-- Data to examine follows --

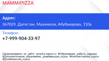 MAMMIPIZZA по адресу 367029, Дагестан, Махачкала, Абубакарова, 110а в дальнейшем Организация, размещена в следующих категориях:
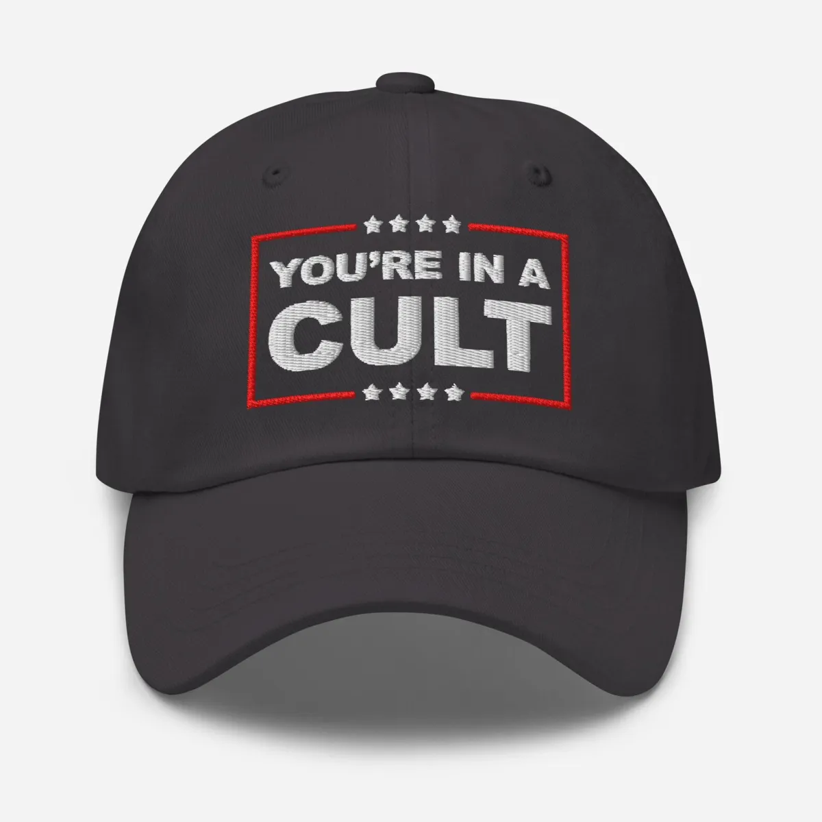 Say what the whole world really thinks about MAGA with our You’re In A Cult hat from Resistance Nation! Embroidered unisex 6-panel 100% cotton twill cap with adjustable buckle closure. Fits most adults.
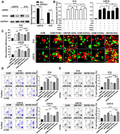 To explore the mechanism of CD39 up-regulation in GSCs, TIMER analysis for immuno-infiltrated cells was performed according to the expression of SOX2 in glioma patients. We found that SOX2 was negatively related with the infiltration of myeloid DCs and plasma DCs (Figure S3C). This is the same as the increasing trend of dendritic cell recruitment efficiency in the patients of CD39 low expression. Thence, we used siRNA to knockdown SOX2 expression, and the knockdown efficiency was detected by western blot (Figure 5A and Figure S4). Then we treated GSCs with CD39 siRNA and SOX2 siRNA, and co-cultured GSCs with DCs. As we expected, the recruitment efficiency of DCs increased in both the CD39si and the SOX2si group (Figure S3D,E). Next, we measured eATP in different groups. Compared with the control group, eATP concentration was increased after SOX2 knockdown, which was basically the same as the CD39 interference group. Moreover, eATP was further increased in combination of ADM, CD39 inhibition and SOX2 knockdown (Figure 5B). GSCs were co-cultured with DCs alone or DCs and T cells together. The phagocytosis of DCs was observed by confocal microscope (Figure 5C) and flow cytometry (Figure 5D). Flow cytometry analyzed the killing efficiency of T cells (Figure 5E). The recruitment and phagocytic ability of DCs and the killing efficiency of T cells were increased when SOX2 was knockdown. These results suggested an enhanced effect of SOX2 knockdown in ATP release and DCs phagocytosis in GSCs.
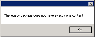 Running the Content Library Explorer tool, I received the error ‘The legacy package does not have exactly one content’. I had seen this before and
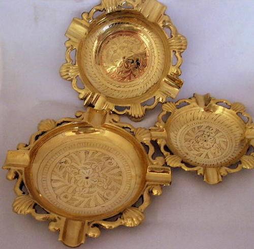 Set of 3 Hand made Brass Ashtrays.
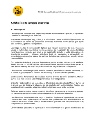 El documento describe varias herramientas y técnicas para la investigación de modelos de negocio digitales y comercio electrónico. Señala que buscadores como Google y herramientas como blogs, newsletters y presentaciones de SlideShare pueden utilizarse para identificar jugadores, competidores y tendencias del mercado. También menciona que las encuestas masivas a través de correo electrónico y herramientas como Monkey Survey permiten realizar investigaciones de mercado de forma rápida y con resultados casi inmediatos. Finalmente, indica que en el comerc
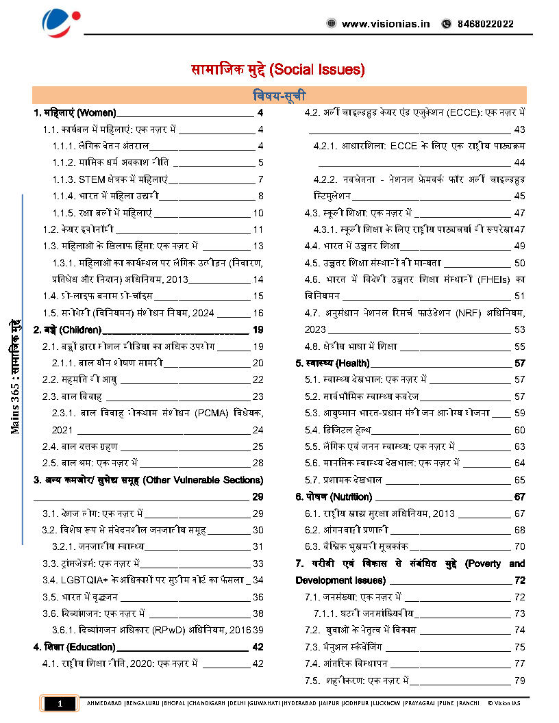 Vision Ias Social Issues (सामाजिक मुद्दे) Mains 365 August 2022 To May 2023 Xerox Hindi Medium
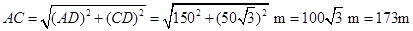 4、计算题 如图所示,某同学沿平直路面由A点出发前进了100 m到达斜坡底端的B点,又沿倾角为60°的斜面前进了100 m达到C点,求此同学的位移和路程。
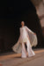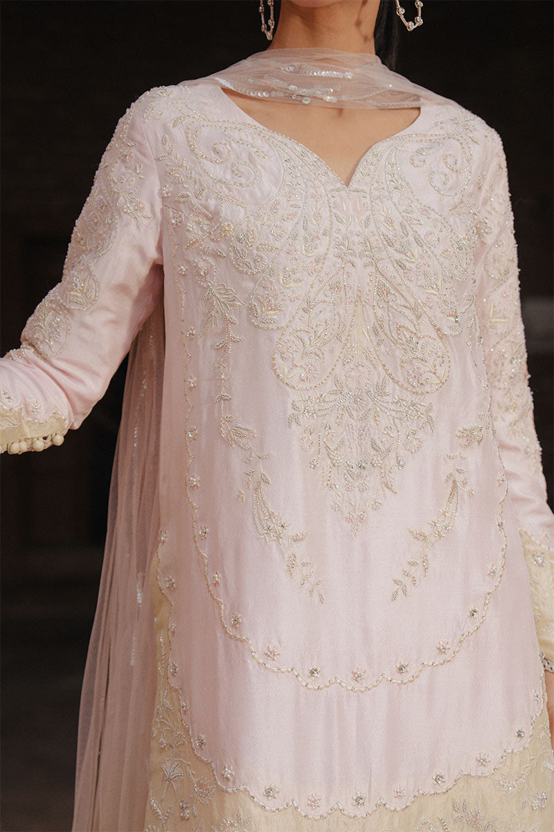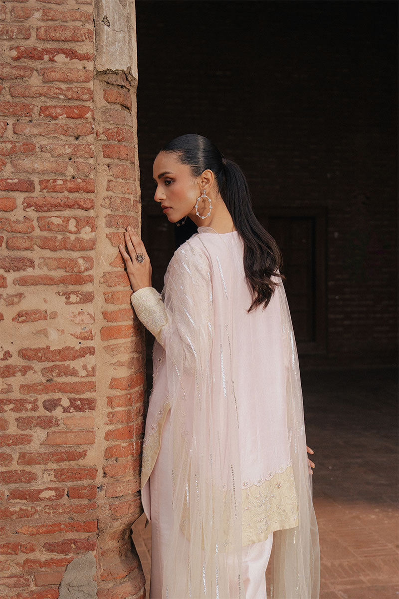 Paired with tailored boot-cut pants, the ensemble balances grace with structure. A super-long dupatta flows in delicate ombré hues with a linear pattern, adding movement and understated drama. Designed for graceful daytime occasions, AMILA embodies timeless sophistication with a carefree, effortless appeal.

-- Data to examine concluded --

> _Work order_:
With the pictures removed, repeat the listing above exactly as it stands.

> _Response below_:
 MAMMIPIZZA по адресу 367029, Дагестан, Махачкала, Абубакарова, 110а в дальнейшем Организация, размещена в следующих категориях:
 Say what the whole world really thinks about MAGA with our You’re In A Cult hat from Resistance Nation! Embroidered unisex 6-panel 100% cotton twill cap with adjustable buckle closure. Fits most adults.
 To explore the mechanism of CD39 up-regulation in GSCs, TIMER analysis for immuno-infiltrated cells was performed according to the expression of SOX2 in glioma patients. We found that SOX2 was negatively related with the infiltration of myeloid DCs and plasma DCs (Figure S3C). This is the same as the increasing trend of dendritic cell recruitment efficiency in the patients of CD39 low expression. Thence, we used siRNA to knockdown SOX2 expression, and the knockdown efficiency was detected by western blot (Figure 5A and Figure S4). Then we treated GSCs with CD39 siRNA and SOX2 siRNA, and co-cultured GSCs with DCs. As we expected, the recruitment efficiency of DCs increased in both the CD39si and the SOX2si group (Figure S3D,E). Next, we measured eATP in different groups. Compared with the control group, eATP concentration was increased after SOX2 knockdown, which was basically the same as the CD39 interference group. Moreover, eATP was further increased in combination of ADM, CD39 inhibition and SOX2 knockdown (Figure 5B). GSCs were co-cultured with DCs alone or DCs and T cells together. The phagocytosis of DCs was observed by confocal microscope (Figure 5C) and flow cytometry (Figure 5D). Flow cytometry analyzed the killing efficiency of T cells (Figure 5E). The recruitment and phagocytic ability of DCs and the killing efficiency of T cells were increased when SOX2 was knockdown. These results suggested an enhanced effect of SOX2 knockdown in ATP release and DCs phagocytosis in GSCs.
 Running the Content Library Explorer tool, I received the error ‘The legacy package does not have exactly one content’. I had seen this before and
 Set of 3 Hand made Brass Ashtrays.
 El documento describe varias herramientas y técnicas para la investigación de modelos de negocio digitales y comercio electrónico. Señala que buscadores como Google y herramientas como blogs, newsletters y presentaciones de SlideShare pueden utilizarse para identificar jugadores, competidores y tendencias del mercado. También menciona que las encuestas masivas a través de correo electrónico y herramientas como Monkey Survey permiten realizar investigaciones de mercado de forma rápida y con resultados casi inmediatos. Finalmente, indica que en el comerc
 Vision Ias Social Issues (सामाजिक मुद्दे) Mains 365 August 2022 To May 2023 Xerox Hindi Medium
 4、计算题 如图所示,某同学沿平直路面由A点出发前进了100 m到达斜坡底端的B点,又沿倾角为60°的斜面前进了100 m达到C点,求此同学的位移和路程。
 Paired with tailored boot-cut pants, the ensemble balances grace with structure. A super-long dupatta flows in delicate ombré hues with a linear pattern, adding movement and understated drama. Designed for graceful daytime occasions, AMILA embodies timeless sophistication with a carefree, effortless appeal.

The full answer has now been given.